I got hired by a company that wasnt paying it's wages. Nobody told me about it
but in hindsight, it was probably clear given the churn of the employees. I
started bankruptcy proceedings when they failed to pay me and got paid because
of that, whilst others who didn't quite share my immediacy never got paid.

I left for another company that had form for not paying it's bills and again
it still had workers, both employees and contractors that didn't really make
me aware until I was already owed quite a bit. I tried the same tactic when
they failed to pay me, but they disputed my work (which thus requires court
proceedings). Unfortunately the intermediary I was using winded up and I lost
any ability to follow up the case and thus this company is no doubt still
hiring consultants in and not paying them.

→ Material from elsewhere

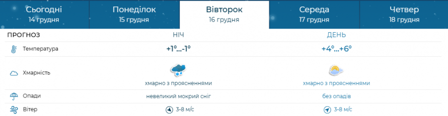 У нічні години температура повітря коливатиметься в межах від +1 до -1 градуса. Очікується хмарна погода, можливий невеликий мокрий сніг. Вітер — 5–10 м/с. Удень повітря прогріється до +2…+4 градусів, збережеться хмарність, подекуди можливий мокрий сніг із дощем.

Both companies are still around in one form or another despite having IP that
they've essentially stole. On the bright side I learnt a lot about business
and binned off the intermediaries.

------
einrealist
Sounds like a delayed filing of insolvency.

------
ommunist
When you achieve a certain size, you need a layer of conservative power, to
keep company going.

------
bhouston
How does this affect Amazon 's game engine? Btw the way anyone know if the aws
game engine is successful?

------
n0mad01
nomen est omen

------
shmerl
They should open source the engine and tools (as in proper FOSS), if they are
to shut down. At least it won't be wasted.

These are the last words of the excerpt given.